In vivo Streptococcus pyogenes C5a peptidase activity: analysis using transposon- and nitrosoguanidine-induced mutants.

作者信息

O'Connor S P, Cleary P P

出版信息

J Infect Dis. 1987 Sep;156(3):495-504. doi: 10.1093/infdis/156.3.495.

DOI:10.1093/infdis/156.3.495
PMID:3039012
Abstract

The streptococcal C5a peptidase removes a six-amino-acid fragment from human C5a and thereby inactivates this chemotaxin. We used transposon and chemical mutagenesis to generate mutants of Streptococcus pyogenes that did not produce C5a peptidase.
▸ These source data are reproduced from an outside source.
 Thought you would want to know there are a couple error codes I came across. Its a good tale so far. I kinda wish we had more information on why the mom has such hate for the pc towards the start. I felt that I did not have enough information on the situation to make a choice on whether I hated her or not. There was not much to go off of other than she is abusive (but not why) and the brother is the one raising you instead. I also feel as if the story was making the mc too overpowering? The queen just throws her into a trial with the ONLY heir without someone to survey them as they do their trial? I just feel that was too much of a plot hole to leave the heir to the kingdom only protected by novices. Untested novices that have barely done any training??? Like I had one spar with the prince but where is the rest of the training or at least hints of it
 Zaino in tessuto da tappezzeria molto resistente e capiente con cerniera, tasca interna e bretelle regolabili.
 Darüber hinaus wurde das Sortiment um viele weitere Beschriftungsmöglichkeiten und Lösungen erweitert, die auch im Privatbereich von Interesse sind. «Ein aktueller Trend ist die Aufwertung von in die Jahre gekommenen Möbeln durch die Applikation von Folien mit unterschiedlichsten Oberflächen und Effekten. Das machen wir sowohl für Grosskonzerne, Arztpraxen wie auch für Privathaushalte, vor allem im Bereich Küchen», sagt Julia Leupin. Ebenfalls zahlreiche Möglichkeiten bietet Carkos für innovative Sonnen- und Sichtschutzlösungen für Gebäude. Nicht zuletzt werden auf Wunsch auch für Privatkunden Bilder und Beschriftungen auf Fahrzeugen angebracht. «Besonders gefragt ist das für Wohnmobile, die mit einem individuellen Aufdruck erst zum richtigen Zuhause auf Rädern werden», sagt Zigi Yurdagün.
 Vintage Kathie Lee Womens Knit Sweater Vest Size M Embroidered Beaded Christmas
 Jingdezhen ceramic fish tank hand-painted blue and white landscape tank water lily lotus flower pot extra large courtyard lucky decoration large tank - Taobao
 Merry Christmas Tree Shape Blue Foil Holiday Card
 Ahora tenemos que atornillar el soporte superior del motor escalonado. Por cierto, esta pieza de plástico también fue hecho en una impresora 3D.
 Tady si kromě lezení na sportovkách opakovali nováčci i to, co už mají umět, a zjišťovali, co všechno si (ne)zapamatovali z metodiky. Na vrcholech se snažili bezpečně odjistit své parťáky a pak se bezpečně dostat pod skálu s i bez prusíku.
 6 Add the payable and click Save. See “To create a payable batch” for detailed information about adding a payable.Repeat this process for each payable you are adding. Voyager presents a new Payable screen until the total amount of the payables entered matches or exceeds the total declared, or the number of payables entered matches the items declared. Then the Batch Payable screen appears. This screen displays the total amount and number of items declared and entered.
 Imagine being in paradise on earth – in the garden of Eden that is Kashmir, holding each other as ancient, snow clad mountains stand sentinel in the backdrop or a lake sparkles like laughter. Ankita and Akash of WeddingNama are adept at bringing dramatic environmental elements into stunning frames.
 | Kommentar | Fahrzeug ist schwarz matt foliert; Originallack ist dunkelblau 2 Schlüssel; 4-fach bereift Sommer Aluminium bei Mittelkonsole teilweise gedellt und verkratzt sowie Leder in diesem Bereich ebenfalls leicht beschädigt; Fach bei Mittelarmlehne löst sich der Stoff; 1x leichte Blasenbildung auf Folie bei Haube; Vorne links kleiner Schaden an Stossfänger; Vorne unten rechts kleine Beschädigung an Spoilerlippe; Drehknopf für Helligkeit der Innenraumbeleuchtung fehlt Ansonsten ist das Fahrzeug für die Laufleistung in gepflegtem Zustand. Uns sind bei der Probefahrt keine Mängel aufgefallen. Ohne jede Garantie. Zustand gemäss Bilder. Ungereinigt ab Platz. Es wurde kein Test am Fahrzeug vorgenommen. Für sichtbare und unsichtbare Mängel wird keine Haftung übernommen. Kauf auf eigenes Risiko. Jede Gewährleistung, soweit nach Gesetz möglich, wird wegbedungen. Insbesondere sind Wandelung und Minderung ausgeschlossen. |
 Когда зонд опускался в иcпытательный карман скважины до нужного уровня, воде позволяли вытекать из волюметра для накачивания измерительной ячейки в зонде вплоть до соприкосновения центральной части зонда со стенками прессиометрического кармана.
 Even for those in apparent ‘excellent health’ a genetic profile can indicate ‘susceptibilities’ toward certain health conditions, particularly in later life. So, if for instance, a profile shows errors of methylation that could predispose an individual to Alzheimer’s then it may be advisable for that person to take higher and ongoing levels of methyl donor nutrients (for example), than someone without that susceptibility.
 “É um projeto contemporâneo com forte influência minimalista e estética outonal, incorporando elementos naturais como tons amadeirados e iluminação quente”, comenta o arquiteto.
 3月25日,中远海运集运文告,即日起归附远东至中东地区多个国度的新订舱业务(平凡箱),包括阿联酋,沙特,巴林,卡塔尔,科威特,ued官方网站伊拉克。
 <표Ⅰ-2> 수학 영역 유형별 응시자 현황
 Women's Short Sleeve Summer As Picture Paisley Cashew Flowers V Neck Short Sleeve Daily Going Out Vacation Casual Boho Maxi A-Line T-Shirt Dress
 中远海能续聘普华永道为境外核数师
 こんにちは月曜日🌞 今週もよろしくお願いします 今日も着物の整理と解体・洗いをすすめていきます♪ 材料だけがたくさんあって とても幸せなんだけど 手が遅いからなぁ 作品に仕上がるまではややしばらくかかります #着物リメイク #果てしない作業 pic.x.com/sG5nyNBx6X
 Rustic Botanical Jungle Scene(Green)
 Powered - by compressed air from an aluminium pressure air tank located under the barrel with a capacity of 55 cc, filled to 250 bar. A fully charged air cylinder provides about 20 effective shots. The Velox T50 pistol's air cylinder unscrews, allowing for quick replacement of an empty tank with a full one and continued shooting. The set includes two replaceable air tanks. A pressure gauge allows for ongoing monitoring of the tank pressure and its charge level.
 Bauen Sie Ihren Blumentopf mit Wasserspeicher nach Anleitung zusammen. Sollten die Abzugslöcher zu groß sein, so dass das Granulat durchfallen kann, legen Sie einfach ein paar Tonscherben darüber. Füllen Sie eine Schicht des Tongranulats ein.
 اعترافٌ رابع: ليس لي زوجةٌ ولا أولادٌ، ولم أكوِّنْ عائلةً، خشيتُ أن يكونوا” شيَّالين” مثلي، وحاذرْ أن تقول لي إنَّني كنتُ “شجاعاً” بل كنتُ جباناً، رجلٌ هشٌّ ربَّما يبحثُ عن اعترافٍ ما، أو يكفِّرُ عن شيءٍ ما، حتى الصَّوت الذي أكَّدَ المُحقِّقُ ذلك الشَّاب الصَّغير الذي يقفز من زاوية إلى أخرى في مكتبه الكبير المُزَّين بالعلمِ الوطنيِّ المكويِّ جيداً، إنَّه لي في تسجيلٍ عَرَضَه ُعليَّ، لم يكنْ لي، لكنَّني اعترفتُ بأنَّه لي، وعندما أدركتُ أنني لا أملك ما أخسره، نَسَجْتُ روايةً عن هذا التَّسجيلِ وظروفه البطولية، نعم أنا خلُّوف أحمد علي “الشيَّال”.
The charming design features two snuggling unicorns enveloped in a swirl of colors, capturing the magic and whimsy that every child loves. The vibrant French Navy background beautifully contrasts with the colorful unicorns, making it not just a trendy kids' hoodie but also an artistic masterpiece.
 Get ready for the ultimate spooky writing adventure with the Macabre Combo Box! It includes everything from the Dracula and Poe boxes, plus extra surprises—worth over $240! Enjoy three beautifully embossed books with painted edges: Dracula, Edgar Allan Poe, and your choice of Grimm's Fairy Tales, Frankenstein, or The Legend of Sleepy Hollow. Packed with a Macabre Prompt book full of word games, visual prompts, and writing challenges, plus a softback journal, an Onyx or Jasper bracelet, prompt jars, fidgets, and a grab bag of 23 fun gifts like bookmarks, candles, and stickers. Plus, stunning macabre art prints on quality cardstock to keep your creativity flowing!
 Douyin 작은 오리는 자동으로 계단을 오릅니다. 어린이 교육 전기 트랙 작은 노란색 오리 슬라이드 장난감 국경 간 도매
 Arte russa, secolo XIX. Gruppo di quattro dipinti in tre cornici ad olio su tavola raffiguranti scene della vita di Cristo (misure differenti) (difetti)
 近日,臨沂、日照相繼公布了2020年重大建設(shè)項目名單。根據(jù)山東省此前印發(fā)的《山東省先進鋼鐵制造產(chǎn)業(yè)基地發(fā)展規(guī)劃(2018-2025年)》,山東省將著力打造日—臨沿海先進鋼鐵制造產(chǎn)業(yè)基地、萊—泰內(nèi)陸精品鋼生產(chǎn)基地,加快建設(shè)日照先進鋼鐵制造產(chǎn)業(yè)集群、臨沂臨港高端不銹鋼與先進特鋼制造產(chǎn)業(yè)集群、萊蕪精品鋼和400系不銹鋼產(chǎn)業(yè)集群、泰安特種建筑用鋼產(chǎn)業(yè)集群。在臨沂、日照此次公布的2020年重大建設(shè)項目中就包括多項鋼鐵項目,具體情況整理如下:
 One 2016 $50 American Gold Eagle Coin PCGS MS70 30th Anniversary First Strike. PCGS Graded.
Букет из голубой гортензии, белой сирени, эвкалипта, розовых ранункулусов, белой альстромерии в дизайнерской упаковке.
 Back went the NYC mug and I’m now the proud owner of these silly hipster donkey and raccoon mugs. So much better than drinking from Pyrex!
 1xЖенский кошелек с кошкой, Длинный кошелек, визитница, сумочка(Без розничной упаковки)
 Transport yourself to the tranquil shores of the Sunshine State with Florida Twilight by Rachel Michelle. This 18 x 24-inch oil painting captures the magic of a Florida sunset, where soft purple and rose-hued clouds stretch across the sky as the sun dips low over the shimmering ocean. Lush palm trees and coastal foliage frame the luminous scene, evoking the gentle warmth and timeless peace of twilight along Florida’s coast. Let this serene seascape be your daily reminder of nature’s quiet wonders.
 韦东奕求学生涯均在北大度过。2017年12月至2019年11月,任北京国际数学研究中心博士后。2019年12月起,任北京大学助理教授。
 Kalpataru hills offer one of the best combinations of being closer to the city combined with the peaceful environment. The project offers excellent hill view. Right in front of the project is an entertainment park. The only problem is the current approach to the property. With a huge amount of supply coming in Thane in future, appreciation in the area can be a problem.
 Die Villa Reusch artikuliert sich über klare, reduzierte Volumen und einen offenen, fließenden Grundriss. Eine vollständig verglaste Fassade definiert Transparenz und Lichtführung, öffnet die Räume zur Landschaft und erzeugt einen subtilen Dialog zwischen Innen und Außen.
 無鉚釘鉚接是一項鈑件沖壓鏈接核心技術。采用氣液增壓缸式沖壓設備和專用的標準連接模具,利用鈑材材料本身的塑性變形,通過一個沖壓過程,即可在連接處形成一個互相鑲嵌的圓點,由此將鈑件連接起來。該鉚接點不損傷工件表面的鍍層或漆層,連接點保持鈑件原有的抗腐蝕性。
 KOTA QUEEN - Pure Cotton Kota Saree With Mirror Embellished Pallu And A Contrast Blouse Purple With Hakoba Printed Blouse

These mutants showed no alteration in expression of capsule, M protein, streptolysins O and S, or pyrogenic exotoxin C. Serial passage of a peptidase-producing strain in vivo resulted in a 100-fold increase in production of C5a peptidase. The presence of C5a peptidase delayed the accumulation of polymorphonuclear leukocytes (PMNLs) in the peritoneal cavities of mice after intraperitoneal challenge. However, there was no difference in virulence (as evaluated by LD50) between strains that produced and those that lacked C5a peptidase. Although C5a peptidase is expressed on the cell surface, antibody to this enzyme did not opsonize streptococci for phagocytosis in vitro. These studies show that C5a peptidase alters the normal host inflammatory response by delaying the accumulation of PMNLs at the foci of streptococcal infection.

摘要

链球菌C5a肽酶从人C5a中去除一个六氨基酸片段,从而使这种趋化因子失活。我们使用转座子和化学诱变方法来产生不产生C5a肽酶的化脓性链球菌突变体。这些突变体在荚膜、M蛋白、链球菌溶血素O和S或致热外毒素C的表达上没有改变。在体内连续传代产生肽酶的菌株导致C5a肽酶的产量增加100倍。腹腔内攻击后,C5a肽酶的存在延迟了小鼠腹腔中多形核白细胞(PMNLs)的积聚。然而,产生C5a肽酶的菌株和缺乏C5a肽酶的菌株之间在毒力(通过LD50评估)上没有差异。尽管C5a肽酶在细胞表面表达,但针对该酶的抗体在体外并未调理链球菌以供吞噬。这些研究表明,C5a肽酶通过延迟PMNLs在链球菌感染部位的积聚来改变正常的宿主炎症反应。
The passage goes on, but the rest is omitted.